== WHAT IS NEEDED ==
The required output is the exact text of the lines from the line containing "a. Edit the backup set" through the final line below, inclusive, without pictures.

== RECORDS FOR PROCESSING ==
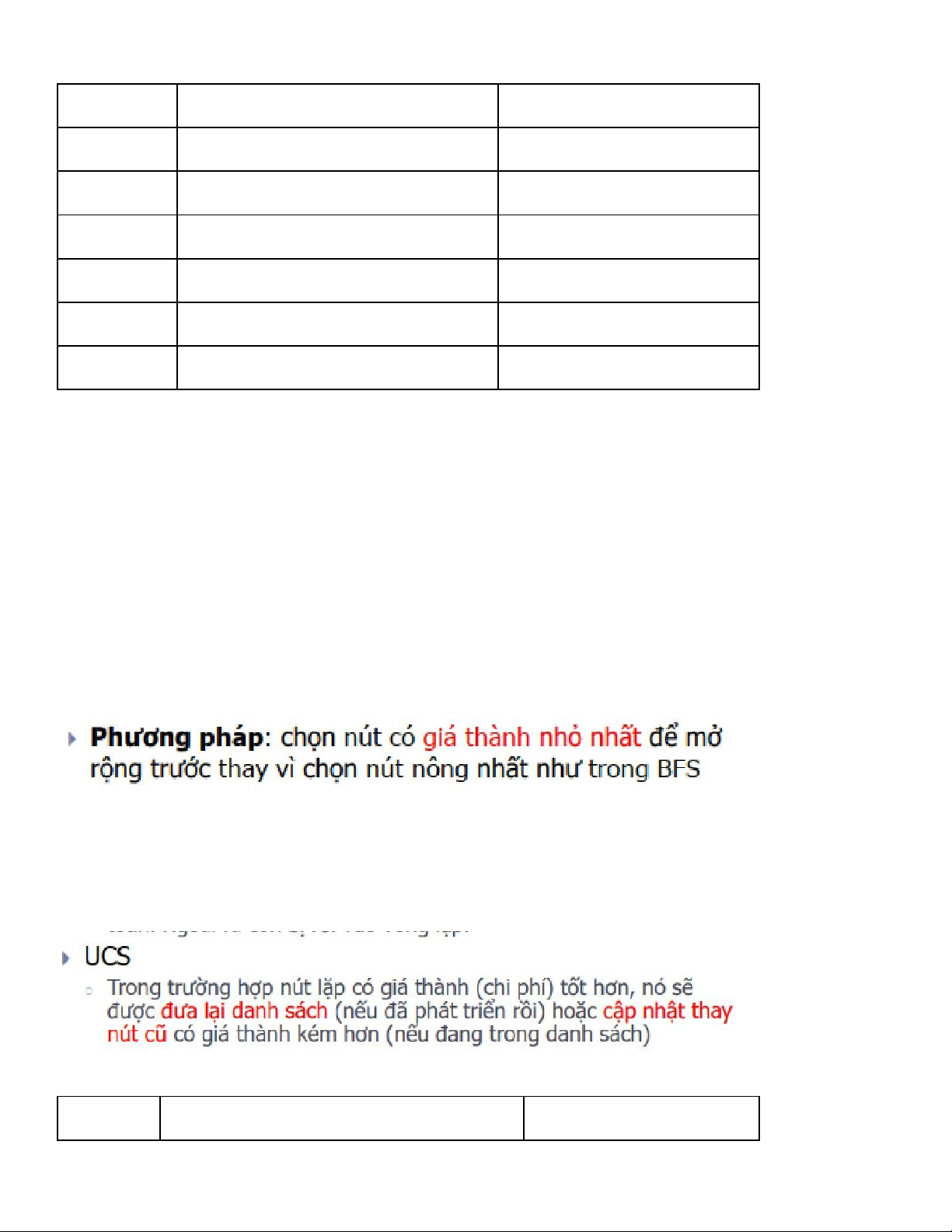 Đường đi: G← E← D← A← S lOMoAR cPSD| 45734214 chi phí c = 11 Ví dụ 3.4: STT Nút được Tập biên O mở 0 S 1 S As(1),Bs(2),Gs(9) 2 As Bs(2),Gs(9),Ca(3),Da(4) 3 Bs Gs(9),Ca(3),Da(4) 4 Ca Gc(7),Da(4) 5 Da Gc(7) 6 Gc Đích
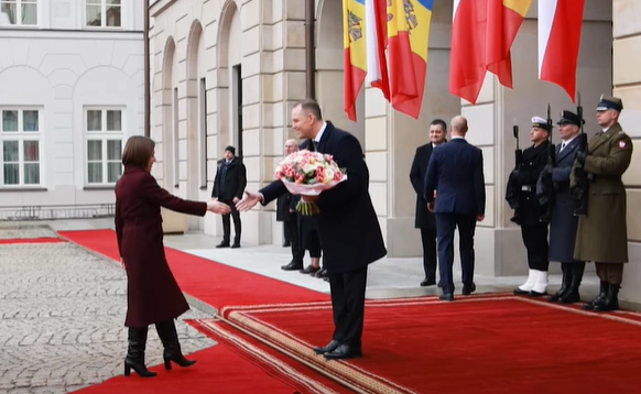 Președinta Maia Sandu se află într-o vizită oficială în Polonia. Șefa statului a fost întâmpinată cu flori de omologul său, președintele Karol Nawrocki, la Palatul Prezidențial din Varșovia.
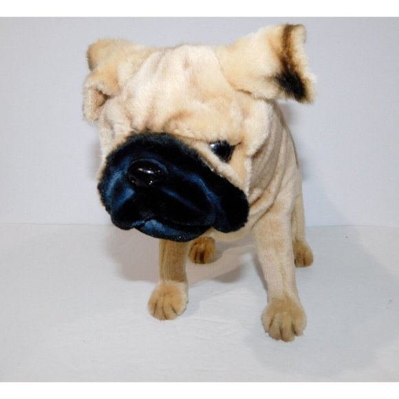 This Hard to Find 2010 Retired Hansa 15" Plush Standing Stuffed PUG Puppy Dog 5951 is in Excellent clean displayed only condition - tush tag still attached at rear . Features wire in legs to pose him in different way. Measures 15" from rose to rump not including tail and 10" from top of head to feet.
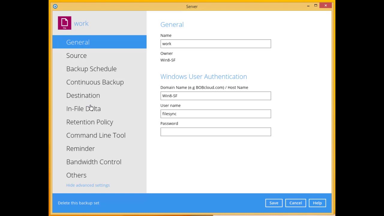 a. Edit the backup set
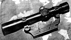 Фото 92. Оптический прицел ПУ (прицел универсальный): 1 - кронштейн прицела
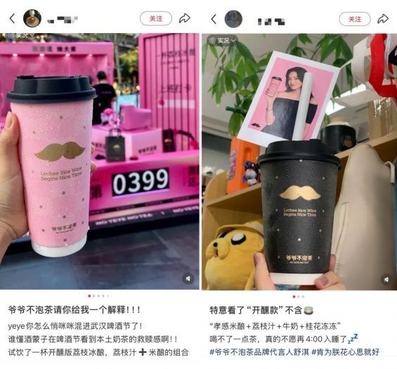 如今,各大商场里人流最密集的场所,未必是海底捞,但一定有爷爷不泡茶。 在小红书上,不少年轻人排队4小时,只为买上一杯时尚单品“荔枝冰酿”;有人为了打卡领周边,不停催促店员加快做奶茶的手速;还有人争着和门店舒淇的人形广告牌合影发微博。似乎谁先靠近爷爷不泡茶,谁就成了全网最受羡慕的仔。
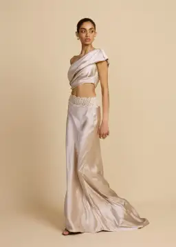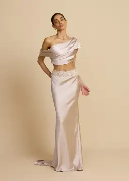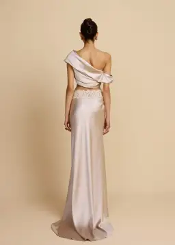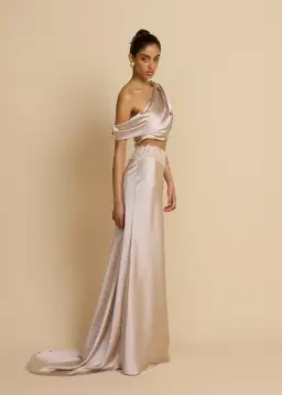Introducing the Anaya set, featuring an asymmetrical off-shoulder neckline with effortless draping, she gracefully compliments the décolletage. Paired with a floor-length bias cut silhouette skirt made in an iridescent oyster hue. Featuring a vintage-inspired lace trim and an exaggerated draped back train, she is a seamless balance of elegance and vintage charm.

== FINAL ANSWER ==
 a. Edit the backup set
 Фото 92. Оптический прицел ПУ (прицел универсальный): 1 - кронштейн прицела
 如今,各大商场里人流最密集的场所,未必是海底捞,但一定有爷爷不泡茶。 在小红书上,不少年轻人排队4小时,只为买上一杯时尚单品“荔枝冰酿”;有人为了打卡领周边,不停催促店员加快做奶茶的手速;还有人争着和门店舒淇的人形广告牌合影发微博。似乎谁先靠近爷爷不泡茶,谁就成了全网最受羡慕的仔。
Introducing the Anaya set, featuring an asymmetrical off-shoulder neckline with effortless draping, she gracefully compliments the décolletage. Paired with a floor-length bias cut silhouette skirt made in an iridescent oyster hue. Featuring a vintage-inspired lace trim and an exaggerated draped back train, she is a seamless balance of elegance and vintage charm.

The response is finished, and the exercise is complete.